Given information:
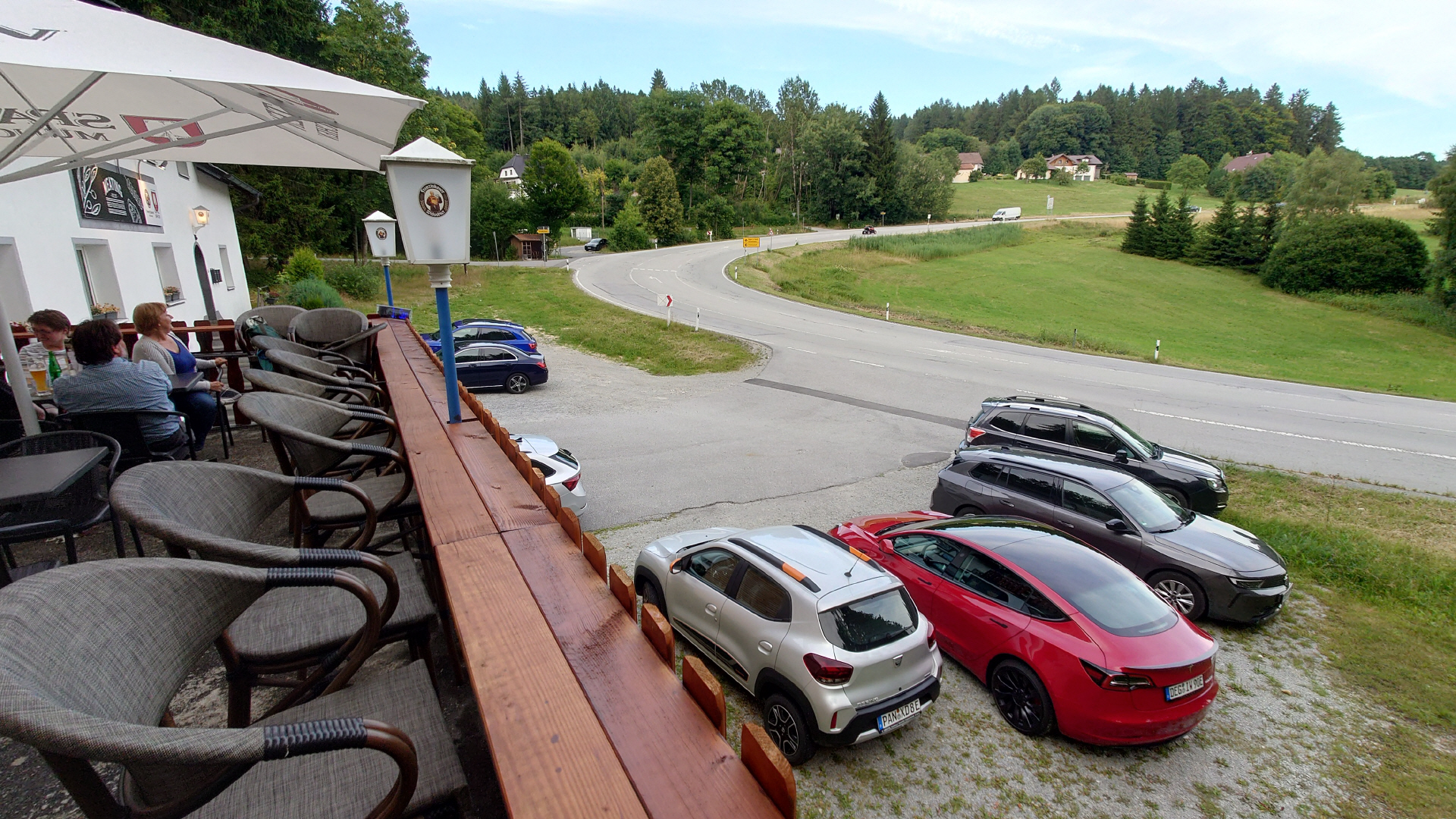 so schon es auch aussihet - für die Tereassennutzung war das Wetter selbst an diesem Julitag leider zu kalt - wir mussten unseren Stammtisch in das Lokal verlegen.
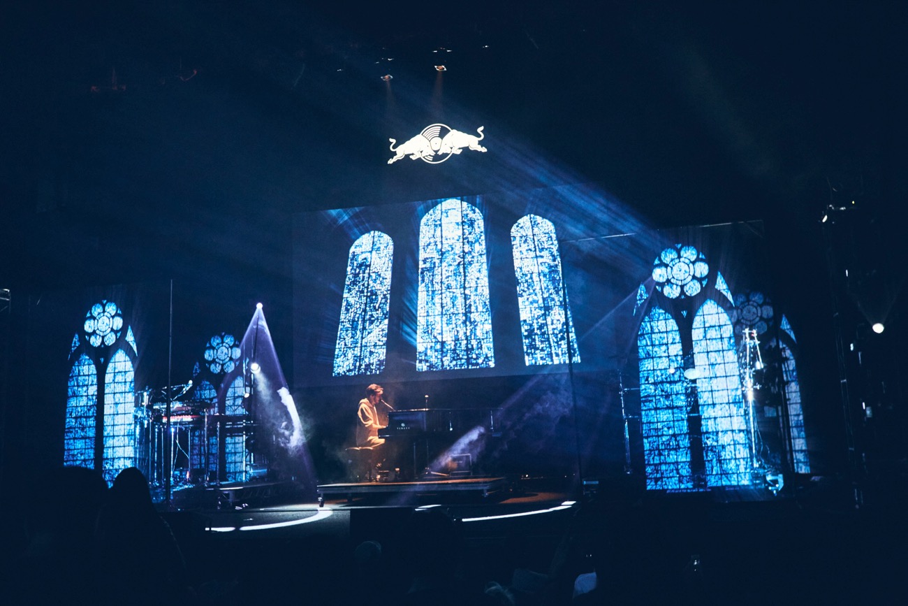 On each side of the stage there were two different drum set ups sitting behind really cool holographic type screens. As he played behind each one, crystal clear images were projected onto them. In the middle of the stage was a piano. Lido is literally running back and forth between instrumental set ups the entire show.
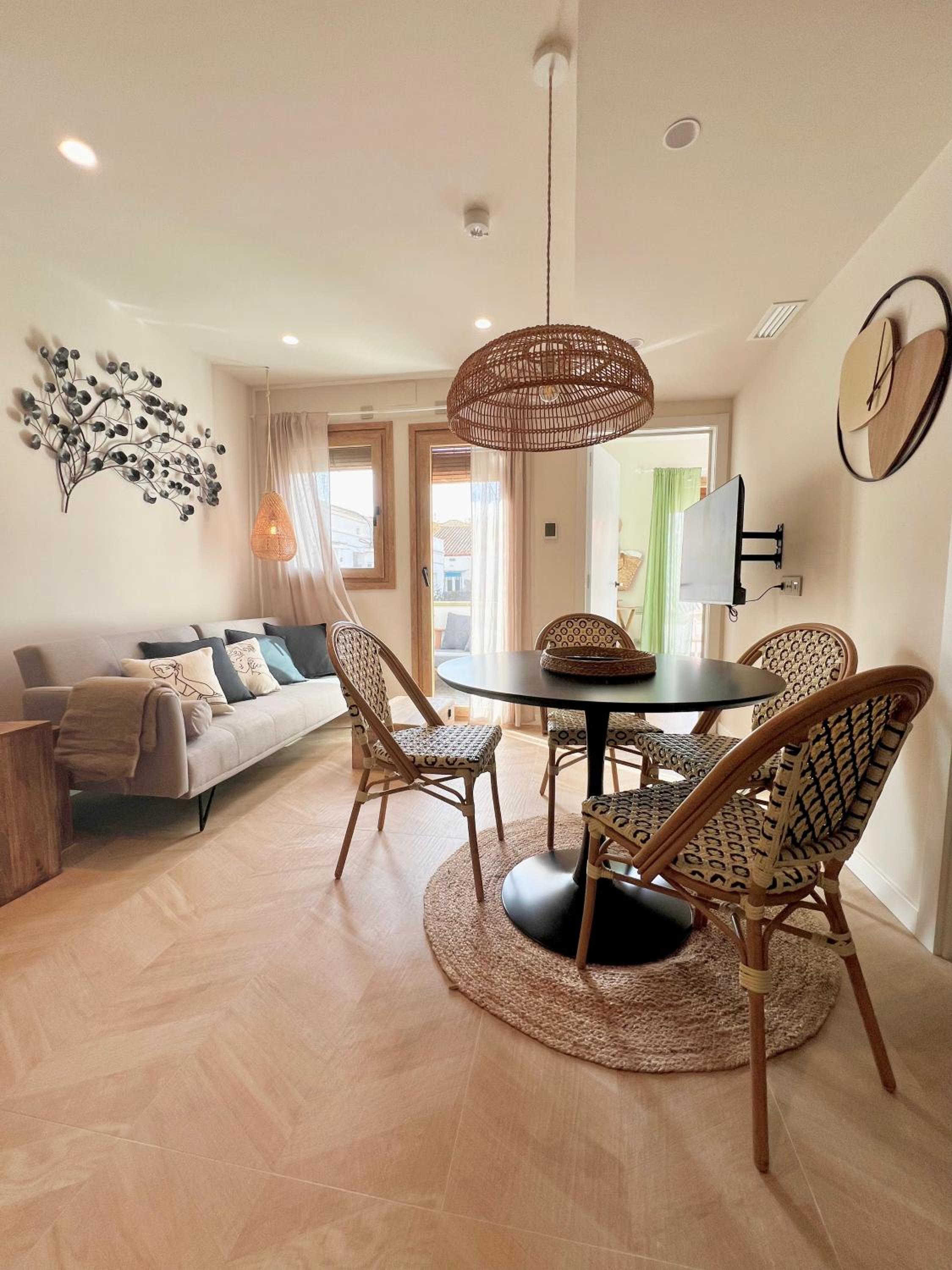 It's right in the heart of Sitges - fabulous location. Despite this, no noise gets in from the nightlife around. It's a beautiful little flat - impeccably presented with everything you could need and scrupulously clean. Easy access with a key code and lockbox to get in. Feels safe and secure. Smells delicious!

Task to complete:
Every line from the one holding "On each side" through the final line of the data above is to be reproduced exactly, both ends included, with the pictures left out.

Task answer:
 On each side of the stage there were two different drum set ups sitting behind really cool holographic type screens. As he played behind each one, crystal clear images were projected onto them. In the middle of the stage was a piano. Lido is literally running back and forth between instrumental set ups the entire show.
 It's right in the heart of Sitges - fabulous location. Despite this, no noise gets in from the nightlife around. It's a beautiful little flat - impeccably presented with everything you could need and scrupulously clean. Easy access with a key code and lockbox to get in. Feels safe and secure. Smells delicious!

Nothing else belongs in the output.